=== Begin Enclosure ===

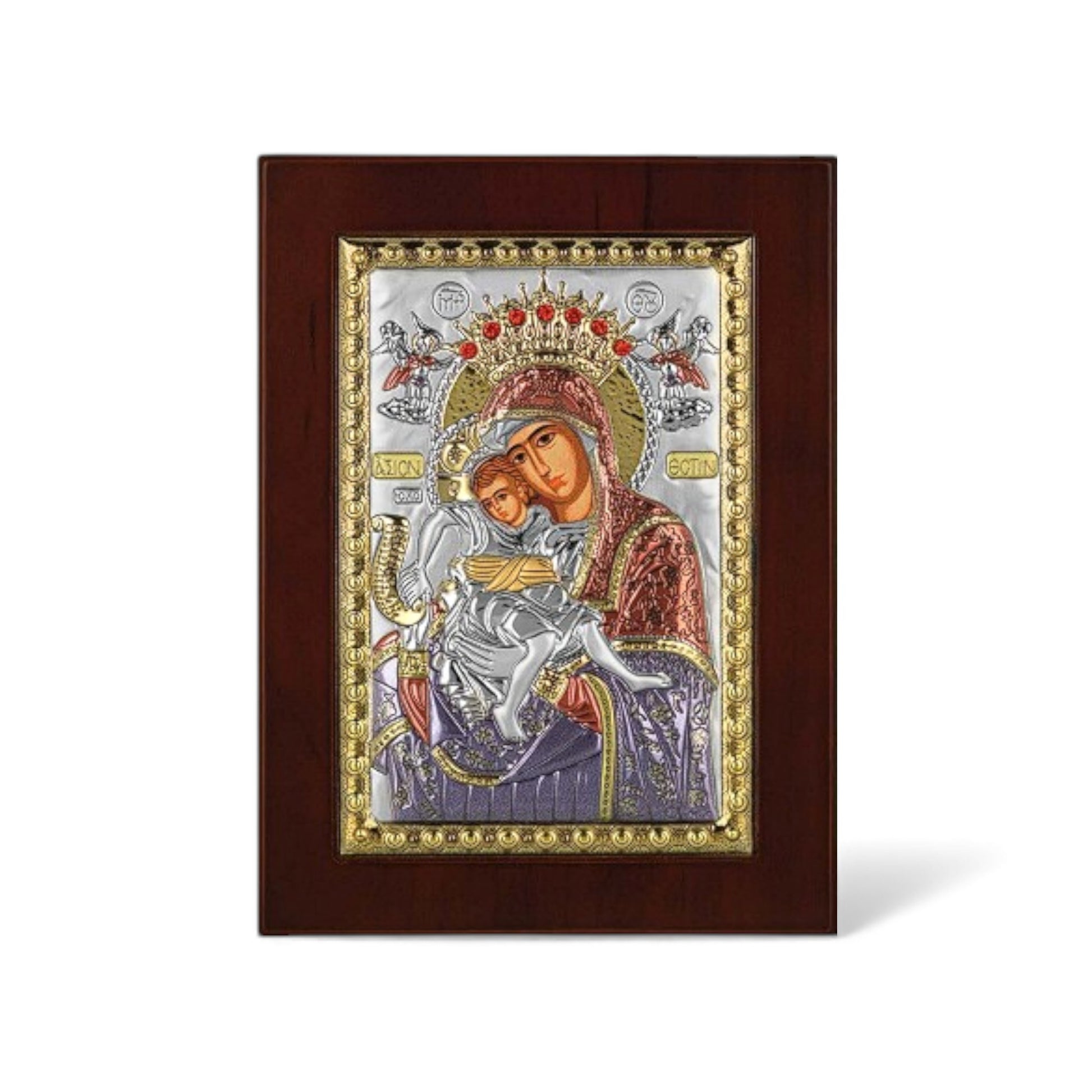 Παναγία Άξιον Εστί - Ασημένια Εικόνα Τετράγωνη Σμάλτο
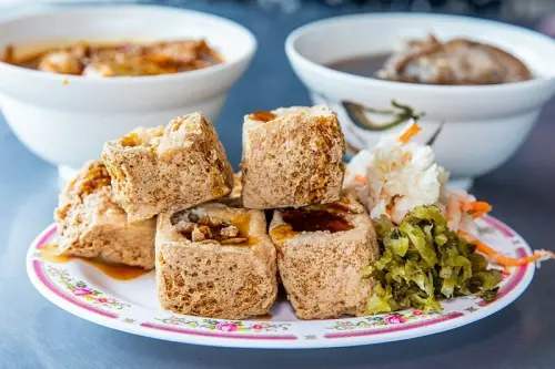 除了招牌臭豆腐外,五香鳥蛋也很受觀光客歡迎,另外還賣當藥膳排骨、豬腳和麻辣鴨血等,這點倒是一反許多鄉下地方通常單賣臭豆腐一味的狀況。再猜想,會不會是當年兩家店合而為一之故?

=== End Enclosure ===
=== Begin Enclosure ===

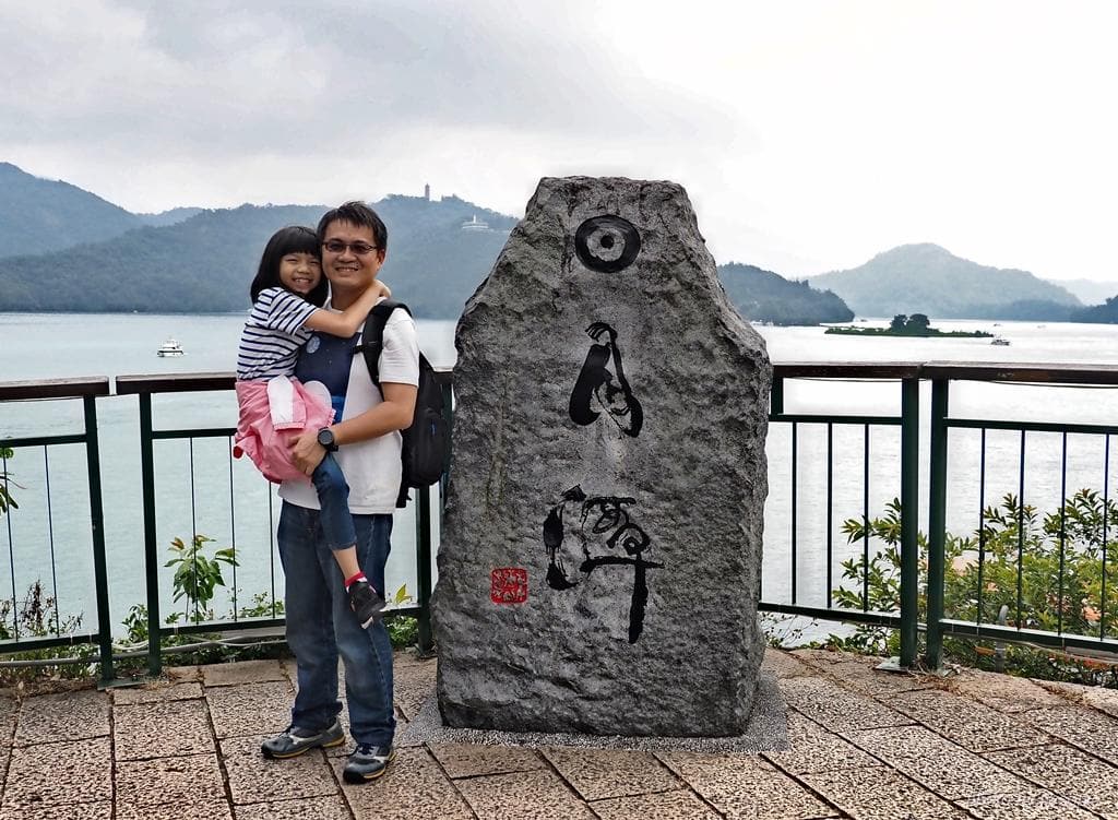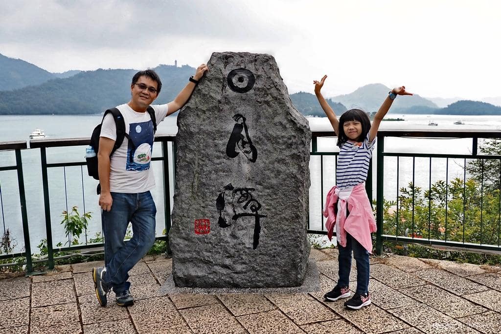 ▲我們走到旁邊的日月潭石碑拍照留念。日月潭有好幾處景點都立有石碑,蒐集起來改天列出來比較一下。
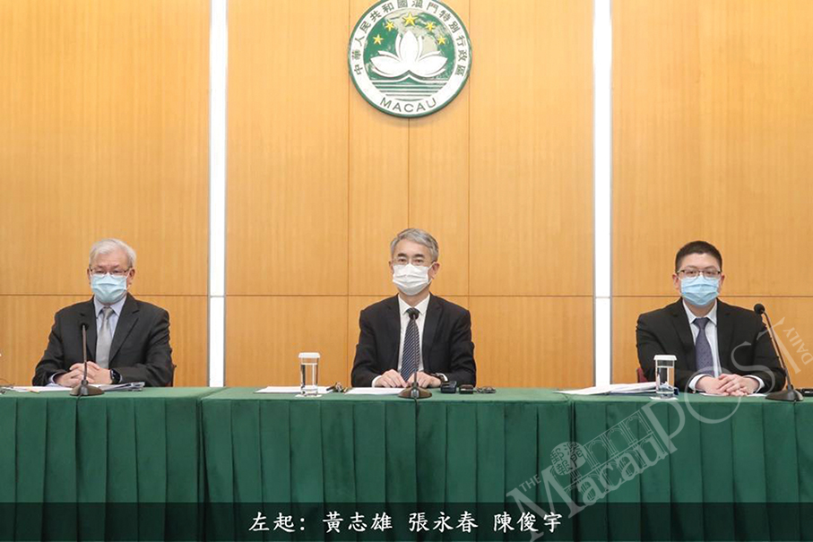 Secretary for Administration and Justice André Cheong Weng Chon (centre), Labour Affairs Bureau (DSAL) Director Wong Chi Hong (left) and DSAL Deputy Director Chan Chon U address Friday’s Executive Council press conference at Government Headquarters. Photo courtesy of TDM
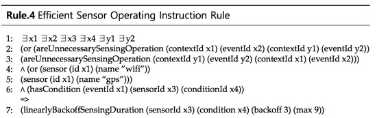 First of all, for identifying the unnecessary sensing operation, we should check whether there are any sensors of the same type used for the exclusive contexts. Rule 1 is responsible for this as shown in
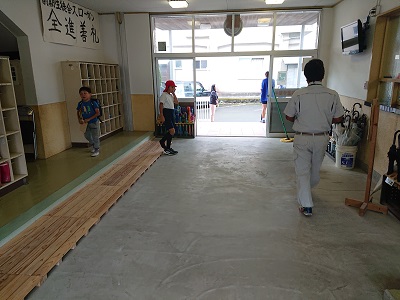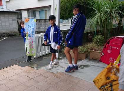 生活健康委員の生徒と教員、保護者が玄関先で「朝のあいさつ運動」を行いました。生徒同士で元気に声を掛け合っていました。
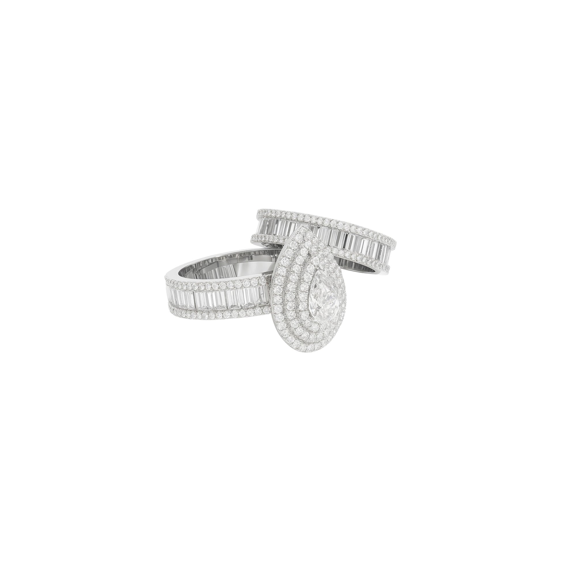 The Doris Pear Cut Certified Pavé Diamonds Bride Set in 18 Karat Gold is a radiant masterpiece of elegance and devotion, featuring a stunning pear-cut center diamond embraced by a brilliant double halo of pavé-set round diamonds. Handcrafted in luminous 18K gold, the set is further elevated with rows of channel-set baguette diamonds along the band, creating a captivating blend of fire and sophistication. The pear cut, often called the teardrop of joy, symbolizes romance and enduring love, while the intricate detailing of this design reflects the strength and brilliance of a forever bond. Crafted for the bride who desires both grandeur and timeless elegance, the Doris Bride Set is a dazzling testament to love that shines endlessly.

=== End Enclosure ===

◆ **Exercise brief**
In the data above, find the line containing "Secretary for Administration" and the line containing "The Doris Pear". Copy exactly the stretch from the first through the second, both included, leaving out any picture.

◆ **Exercise result**
 Secretary for Administration and Justice André Cheong Weng Chon (centre), Labour Affairs Bureau (DSAL) Director Wong Chi Hong (left) and DSAL Deputy Director Chan Chon U address Friday’s Executive Council press conference at Government Headquarters. Photo courtesy of TDM
 First of all, for identifying the unnecessary sensing operation, we should check whether there are any sensors of the same type used for the exclusive contexts. Rule 1 is responsible for this as shown in
 生活健康委員の生徒と教員、保護者が玄関先で「朝のあいさつ運動」を行いました。生徒同士で元気に声を掛け合っていました。
 The Doris Pear Cut Certified Pavé Diamonds Bride Set in 18 Karat Gold is a radiant masterpiece of elegance and devotion, featuring a stunning pear-cut center diamond embraced by a brilliant double halo of pavé-set round diamonds. Handcrafted in luminous 18K gold, the set is further elevated with rows of channel-set baguette diamonds along the band, creating a captivating blend of fire and sophistication. The pear cut, often called the teardrop of joy, symbolizes romance and enduring love, while the intricate detailing of this design reflects the strength and brilliance of a forever bond. Crafted for the bride who desires both grandeur and timeless elegance, the Doris Bride Set is a dazzling testament to love that shines endlessly.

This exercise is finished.